Thirdly, other studies (see review in Kaspari 1993) state that in ants heat tolerance is related to body size: desiccation (Hood & Tschinkel 1990; Kaspari 1993), maximum foraging time (Lighton & Feener 1989) and foraging temperature (Rissing & Pollock 1984) increase with body size of species. In this study, a conclusive relationship between worker size and foraging temperatures has not been found: a positive relationship between mean specific body size and CTM has been obtained, although a similar relationship between body size and maximal activity temperature is not significant, i.e. the largest ants are more resistant, but they do not necessarily forage during the hottest periods of the day.

Finally, other authors (Fellers 1989; Cros et al. 1997) have suggested that species forage at different temperatures according to their position in the dominance rank, with dominant species being limited by temperature, while subordinate species show a wider tolerance. In this study, there was a negative relationship between the dominance index and the percentage of activity performed at risk conditions: dominant species (such as P. pallidula, T. semilaeve or T. nigerrimum) forage at low temperatures quite distant from their critical thermal limits, while most subordinate species (such as C. cursor, A. senilis or C. foreli) foraged at high temperatures very close to their physiological thermal limits.

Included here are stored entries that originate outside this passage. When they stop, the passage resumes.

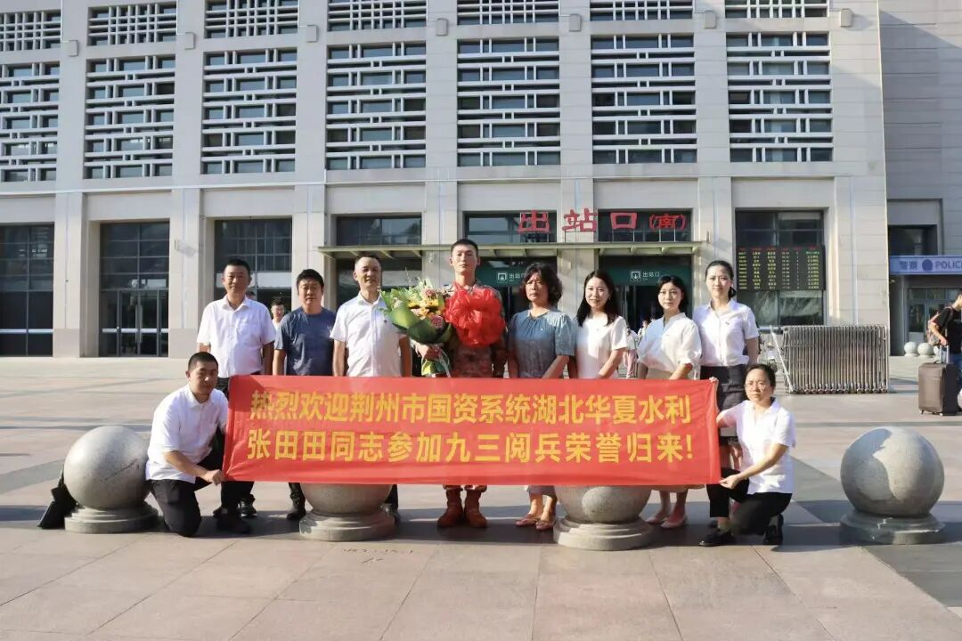 9月4日下午,張田田同志載譽歸來。荊州市退役軍人事務局副局長李荊鳳,荊州市政府國資委黨委委員、副主任童克忠、黨委委員、副主任嚴珩,湖北華夏水利黨委書記、董事長張澤武一行來到荊州火車站熱情迎接。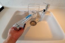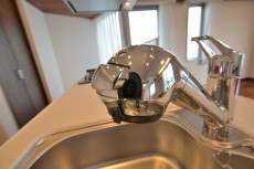 水栓は浄水機能付き。シャワーヘッドになっているのでシンクの隅々まで水を流すことが出来ますよ。洗い物の際などには大活躍してくれることでしょう!
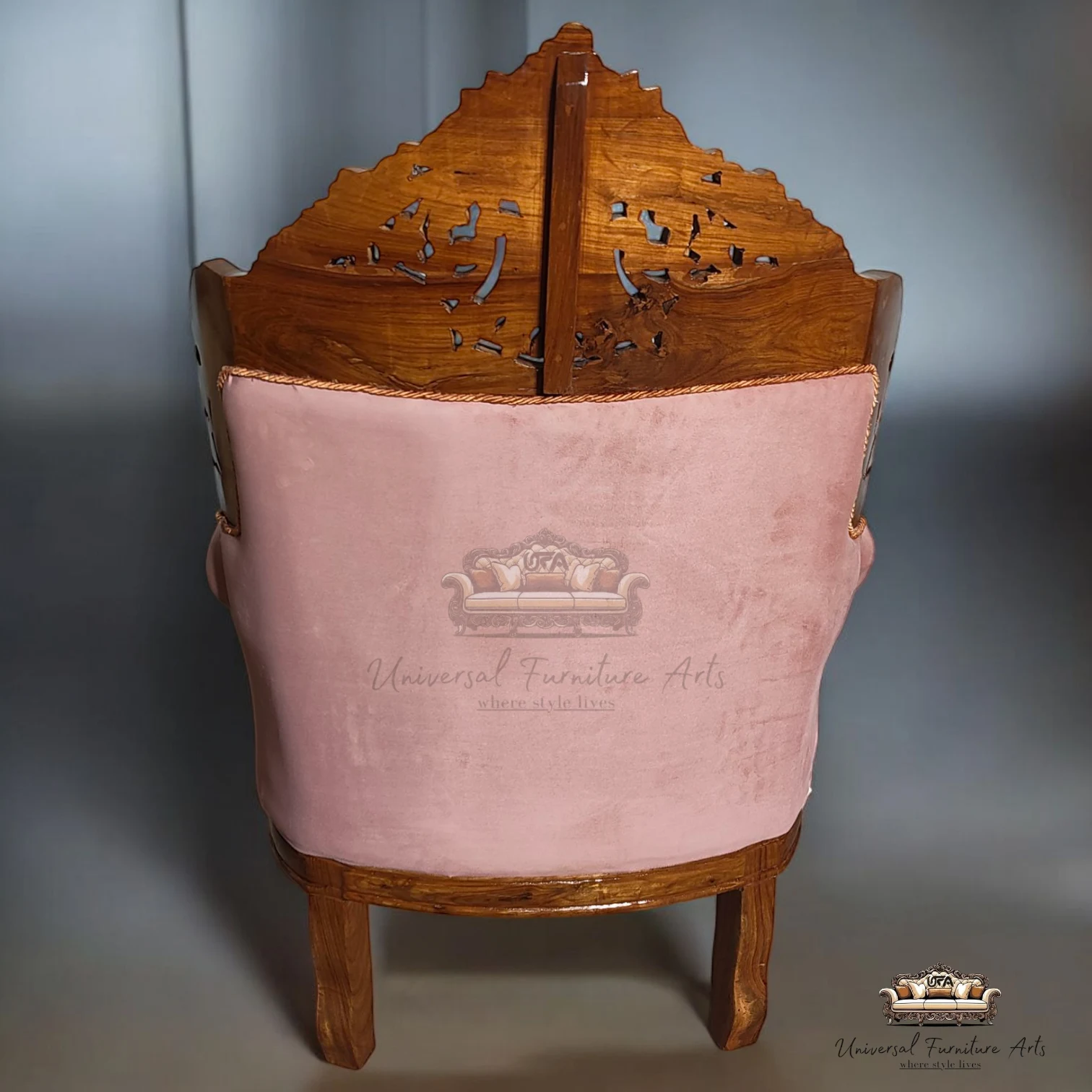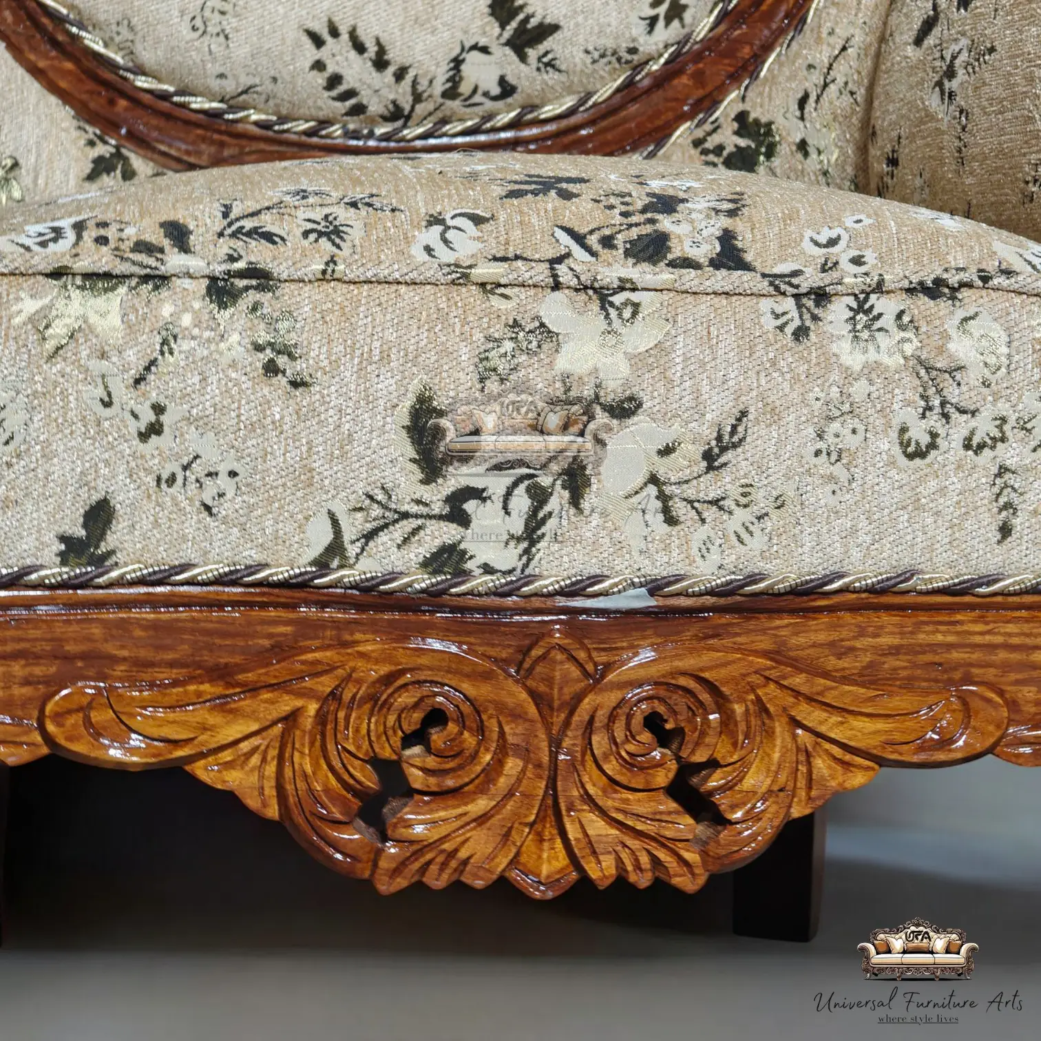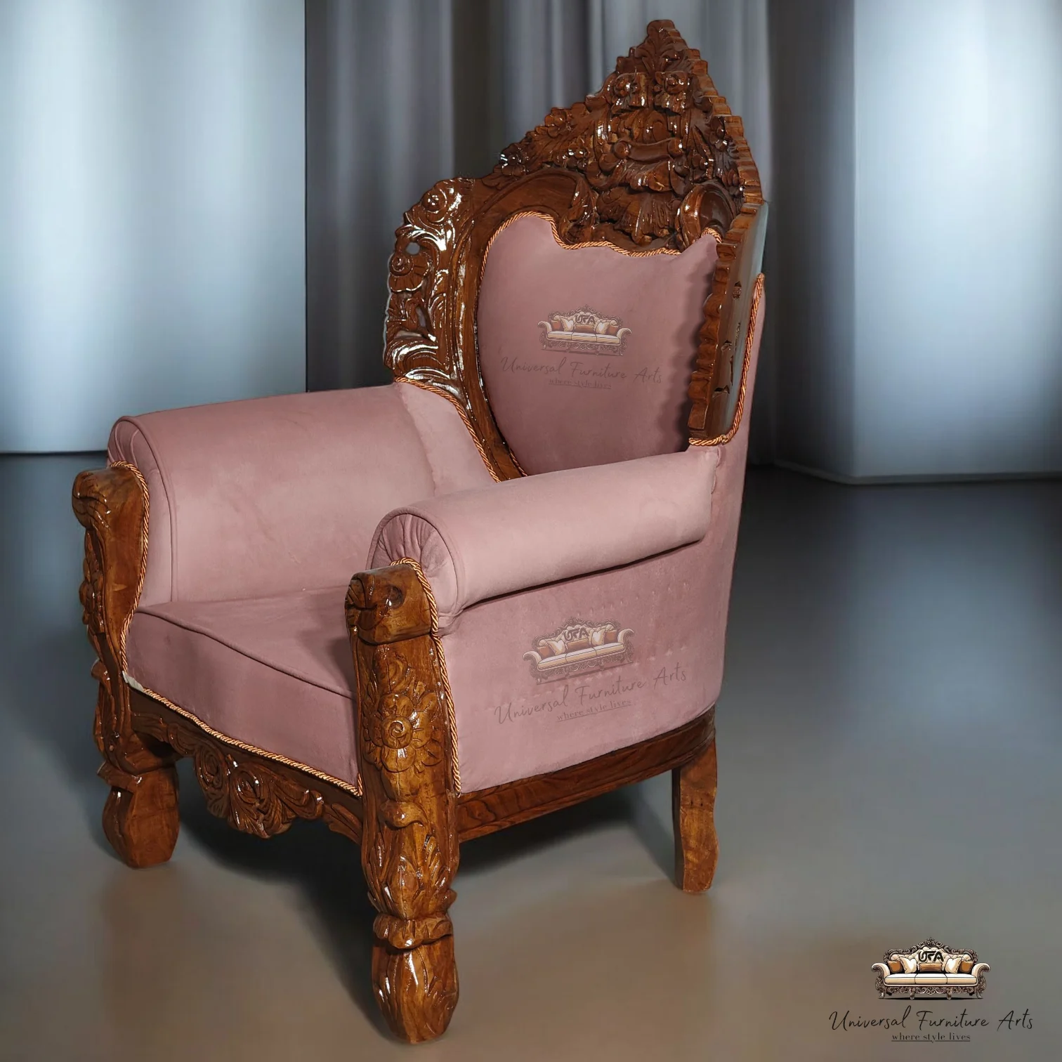Crafted from high-quality solid wood, the frame features exquisite hand carvings on the backrest, arms, and legs, showcasing the skill of expert artisans. The plush cushioned seat and backrest are upholstered in premium fabric, offering unmatched comfort along with visual appeal.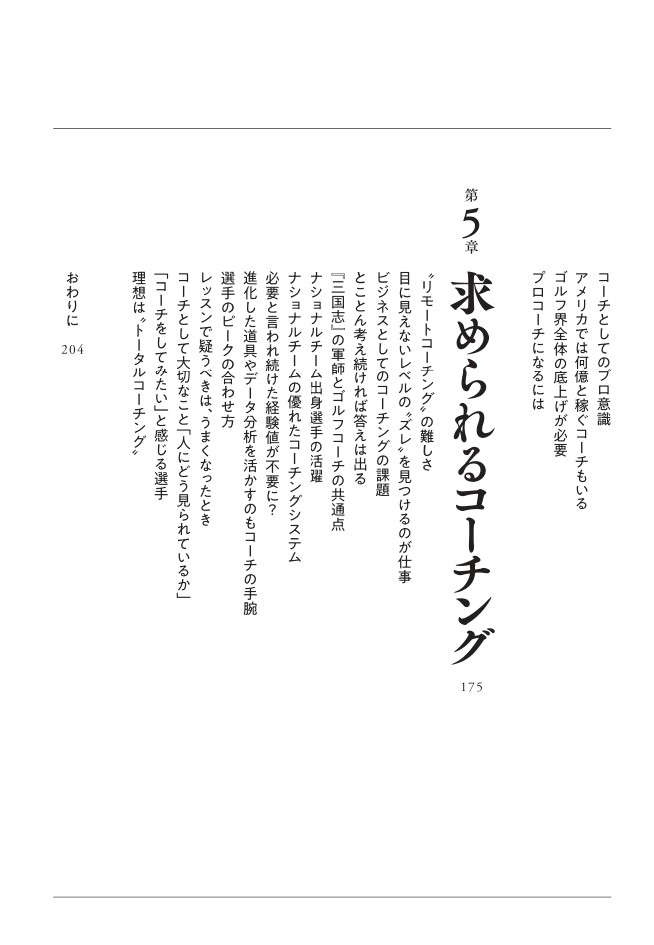本書は、目澤コーチのゴルフとの出会い、そしてコーチングとの出会いから、プロコーチになってからの選手たちとのエピソード、目澤流コーチングの概論、これからのコーチに必要なスキル・考え方などを本人が紐解いていく、いわゆる“レッスン書”ではなく“読むゴルフ、コーチングについての本”です。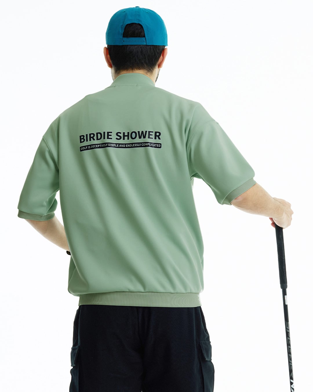 シワになりにくいストレッチジャージを使用した半袖モックネック。袖口、裾部位にはリブを使用。ゆったりとしたシルエットの為、体のラインを気にせず着用出来る一枚。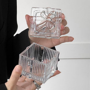 饰摆件 浮雕复古家用收纳盒装 少女心ins蝴蝶结心形玻璃首饰盒 欧式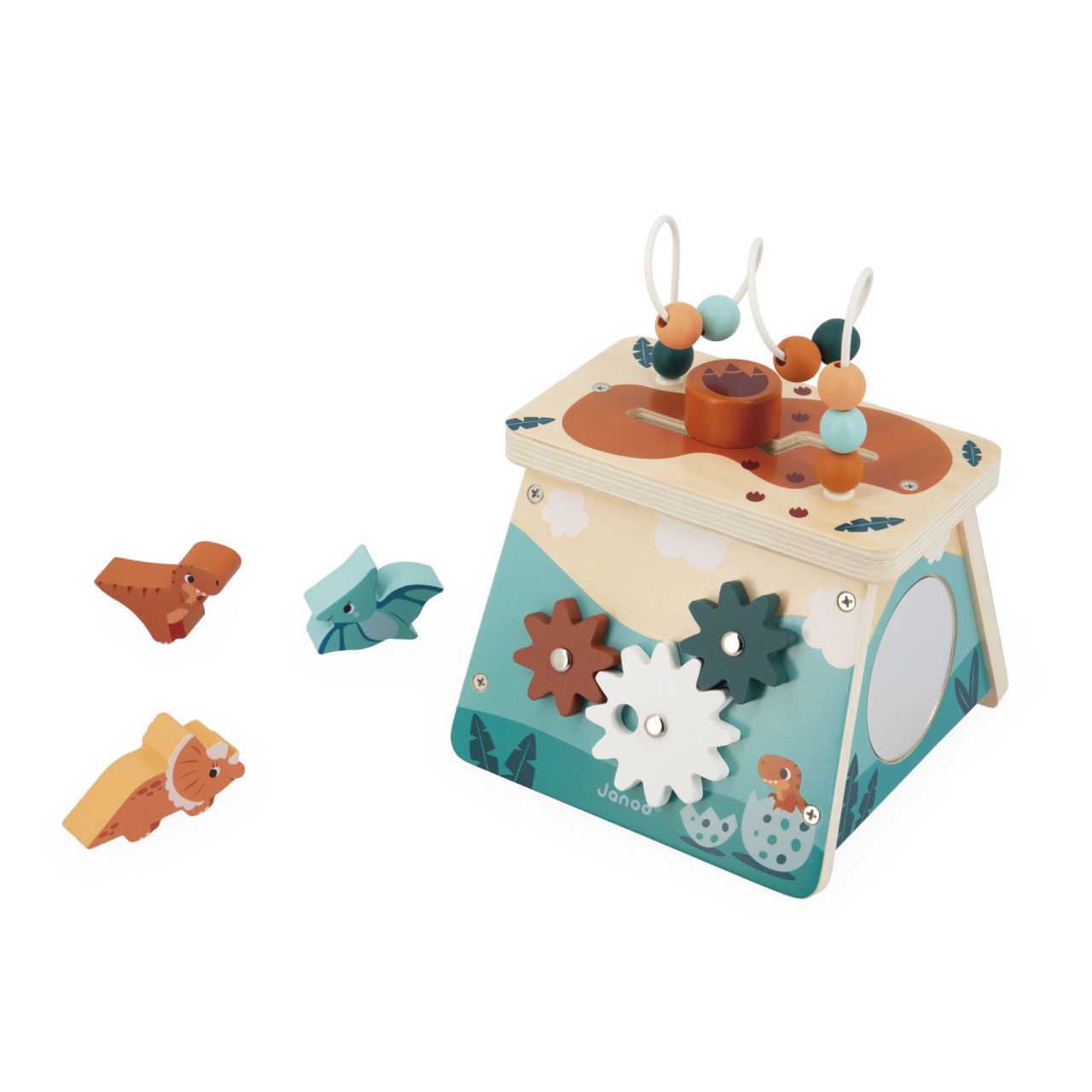 En la cara trasera, hay tres engranajes giratorios para que los pequeños experimenten por primera vez la rotación y la velocidad, ejercitando su destreza. 🛠️⚙️ En el lado izquierdo, el bebé se divertirá con su reflejo en el espejo, y en lo alto del volcán disfrutará de otros dos juegos: un laberinto y un ábaco con 8 cuentas de madera. 🔄🪙
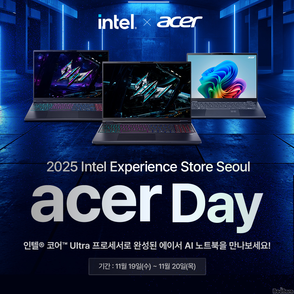 ±Û·Î¹ú PC Á¦Á¶»ç ¿¡À̼(Acer)°¡ ¿À´Â 11¿ù 19ÀϺÎÅÍ 20ÀϱîÁö ¼¿ï °³² OPUS 407¿¡¼ ÁøÇàÇÏ´Â ‘ÀÎÅÚ ÀͽºÇǸ®¾ð½º ½ºÅä¾î ¼¿ï(Intel Experience Store Seoul) ¿¡À̼ µ¥ÀÌ’¸¦ ÅëÇØ ÀÎÅÚ® ÄÚ¾î™ Ultra ÇÁ·Î¼¼¼¸¦ žÀçÇÑ ÃֽŠAI ±â¹Ý ³ëÆ®ºÏ ¶óÀξ÷ üÇèÁ¸À» ¿î¿µÇÑ´Ù°í ¹àÇû´Ù.

These ideas lead us to discuss the optimization of the risk level assumed by each species. Why do risk-prone species forage at temperatures far from their CTM while risk-averse species forage at temperatures close to it? Until now, the optimization of risk in ants has been related almost exclusively to predation (Nonacs & Dill 1988, 1990; Fewell 1990; Nonacs 1990). Mortality rates of foragers are unlikely to be homogeneously distributed in space and time because some areas and some periods of the day should be safer than others. Although the ability to reduce mortality risk while foraging may be a factor that favours insect sociality in general (Nonacs & Dill 1990), in certain cases risk is ignored or at least tolerated when food is good, probably because the potential colony growth gains offset the loss of a few foragers (Nonacs 1990; Nonacs & Dill 1990). Since exploiting only food sources without any associated risk may restrict colonies to an impossibly small set of food items (Nonacs & Dill 1988), foragers of different species must choose a trade-off between maximizing energy brought back to the colony and minimizing mortality risk (Nonacs & Dill 1990). There may be situations in nature in which it is advantageous to risk near-lethal temperatures to maximize foraging success. In the Mediterranean communities studied, dominant species forage very rarely at temperatures close to their critical thermal limits, while subordinate species forage more frequently at risk temperatures. Subordinate, heat-tolerant ant species follow a risk-prone strategy by foraging at nearly lethal environmental conditions, but they benefit from this strategy by having a better foraging performance. The foraging efficiency of subordinates increases when temperature increases (see Fig. 5; also Marsh 1985a), while that of dominants decreases with temperature. The wide range of thermal niches found, on a daily basis, in Mediterranean habitats may be one reason why Mediterranean ant faunas can be so diverse in the face of limited diversity in vegetation and habitat structure. That is, more species can be packed into a long thermal axis than into a shorter one. As Heatwole & Muir (1989) point out, there may be room for thermophilic, thermotolerant and cryophilic species in the same habitat.


We are very grateful to Profs Rüdiger Wehner and Raymond Huey for their helpful comments on an earlier draft of the manuscript, to Dr Pedro Jordano for his encouragement, ideas and helpful discussions on comparative methods, to Valentín Cavia (‘Looking-valleys’) and Nicole Salini for their help in laboratory measurements, to Fernandito García del Pino for allowing us to use the hot plate, to Jordi Bosch and Dolors Company for their help in the field work, to Paqui Ruano and Alberto Tinaut for providing us with some references and the ant phylogeny tree, and to Rocio Requerey for bibliographic assistance. This research was partly funded by DGICYT project PB91–0114 to Xim Cerdá.